RECORD SET –
************
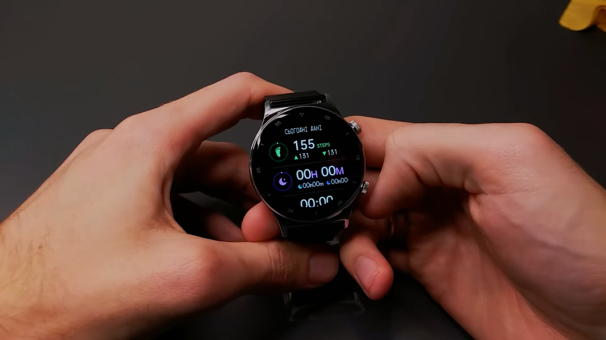 Ознайомимося ближче із характеристиками пристрою. Спереду Jiks Watch Pro обладнані сенсорним IPS дисплеєм діагоналлю 1,32 дюйми та роздільною здатністю 360*360 пікселів. Дисплей досить яскравий, має відмінну кольоропередачу і плавність роботи. До того ж сенсор пристрою дуже чутливий і працює без затримок. А на тильній стороні пристрою розташовані датчики серцевого ритму та піни для зарядного магнітного кабелю. Серцем годинника є процесор Goodix 5515, завдяки якому годинник працює дуже плавно, а в парі з модулем Bluetooth 5.0 Jiks Watch Pro надійно тримають зв'язок зі смартфоном або планшетом.
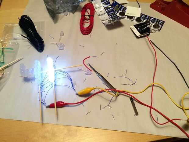Después de conectar los distintos segmentos de LED, me di cuenta de que había estado un poco descuidado en el seguimiento de la polaridad de los LEDs mientras era alambre de envoltura-que era fácil (aunque laborioso) corregir.
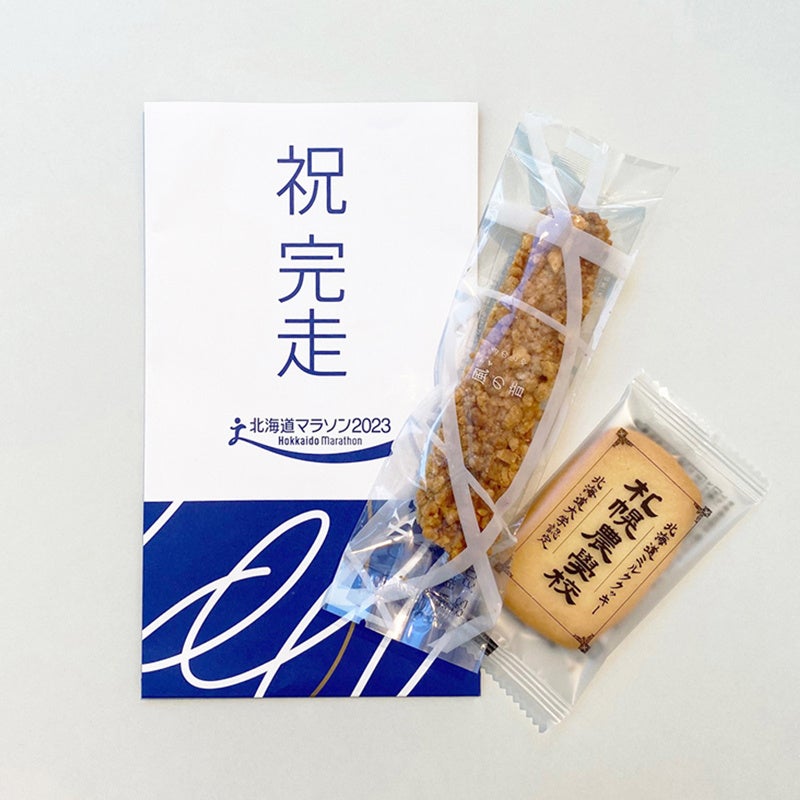 「きのとや風の音」「札幌農学校 北海道ミルククッキー」各1個ずつを袋に入れてお渡します。18,000人分を用意し、ランナーの皆さんに少しでも喜んでいただければとの思いでボランティアの方々が手渡して、応援させていただきます。
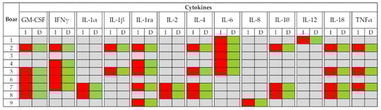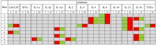 Variation pattern in the total amount of seminal plasma cytokines in ejaculates collected from nine boars (20 ejaculates per boar) during the periods of increasing (I, January to June) or decreasing daylight/temperature (D, July to December). Grey box indicates no differences between periods, while red and green boxes indicate a relationship between dominating seasonal parameters with high and low total cytokine amounts (p < 0.05), respectively. Cytokines: Granulocyte macrophage colony-stimulating factor (GM-CSF), interferon-gamma (IFNγ), interleukin (IL)-1α, IL-1β, IL-1ra, IL-2, IL-4, IL-6, IL-8, IL-10, IL-12, IL-18, and tumor necrosis factor-α (TNFα).
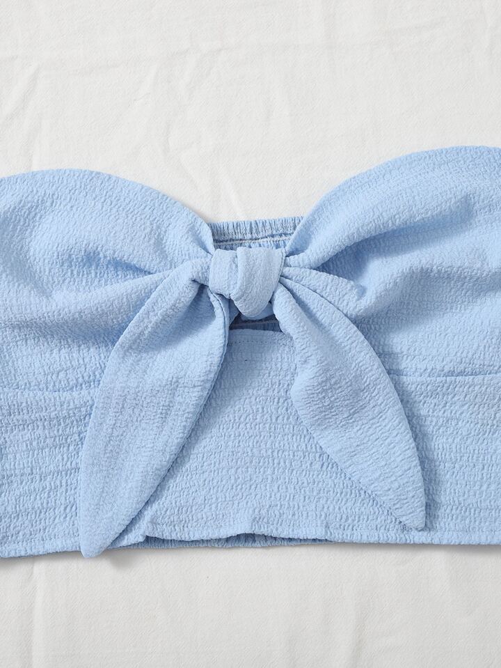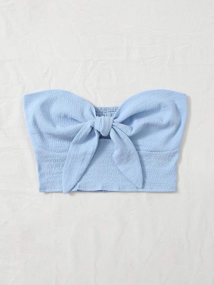 Top bandeau d'été avec nœud devant et dos froncé
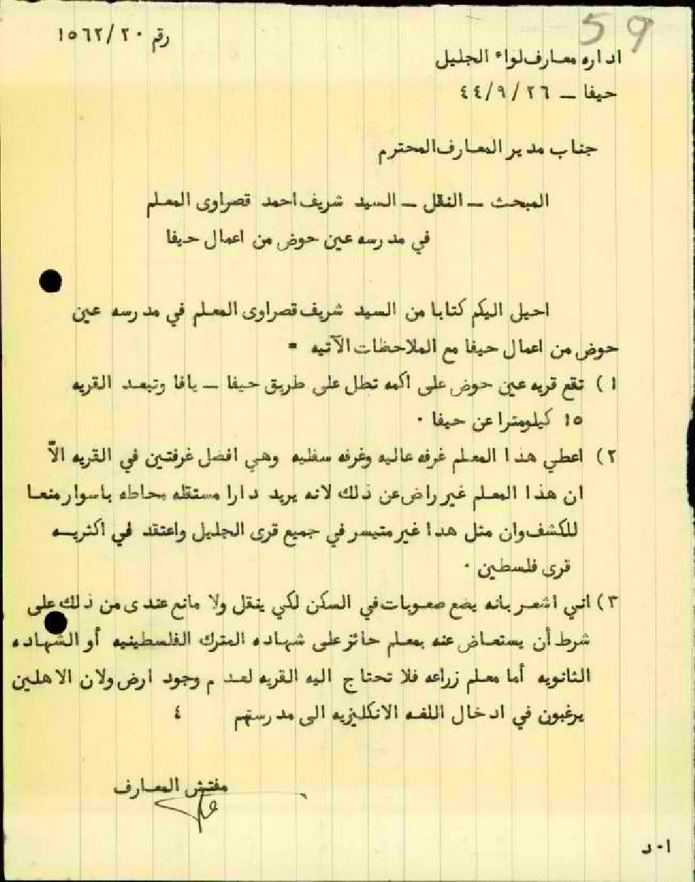 مجموعة رسائل بخصوص رغبة المعلم شريف قصراوي في نقله من مدرسة عين حوض
************
YOUR OBJECTIVE – Output the listing above exactly, pictures omitted.

SOLUTION TO THIS EXERCISE –
 Ознайомимося ближче із характеристиками пристрою. Спереду Jiks Watch Pro обладнані сенсорним IPS дисплеєм діагоналлю 1,32 дюйми та роздільною здатністю 360*360 пікселів. Дисплей досить яскравий, має відмінну кольоропередачу і плавність роботи. До того ж сенсор пристрою дуже чутливий і працює без затримок. А на тильній стороні пристрою розташовані датчики серцевого ритму та піни для зарядного магнітного кабелю. Серцем годинника є процесор Goodix 5515, завдяки якому годинник працює дуже плавно, а в парі з модулем Bluetooth 5.0 Jiks Watch Pro надійно тримають зв'язок зі смартфоном або планшетом.
Después de conectar los distintos segmentos de LED, me di cuenta de que había estado un poco descuidado en el seguimiento de la polaridad de los LEDs mientras era alambre de envoltura-que era fácil (aunque laborioso) corregir.
 「きのとや風の音」「札幌農学校 北海道ミルククッキー」各1個ずつを袋に入れてお渡します。18,000人分を用意し、ランナーの皆さんに少しでも喜んでいただければとの思いでボランティアの方々が手渡して、応援させていただきます。
 Variation pattern in the total amount of seminal plasma cytokines in ejaculates collected from nine boars (20 ejaculates per boar) during the periods of increasing (I, January to June) or decreasing daylight/temperature (D, July to December). Grey box indicates no differences between periods, while red and green boxes indicate a relationship between dominating seasonal parameters with high and low total cytokine amounts (p < 0.05), respectively. Cytokines: Granulocyte macrophage colony-stimulating factor (GM-CSF), interferon-gamma (IFNγ), interleukin (IL)-1α, IL-1β, IL-1ra, IL-2, IL-4, IL-6, IL-8, IL-10, IL-12, IL-18, and tumor necrosis factor-α (TNFα).
 Top bandeau d'été avec nœud devant et dos froncé
 مجموعة رسائل بخصوص رغبة المعلم شريف قصراوي في نقله من مدرسة عين حوض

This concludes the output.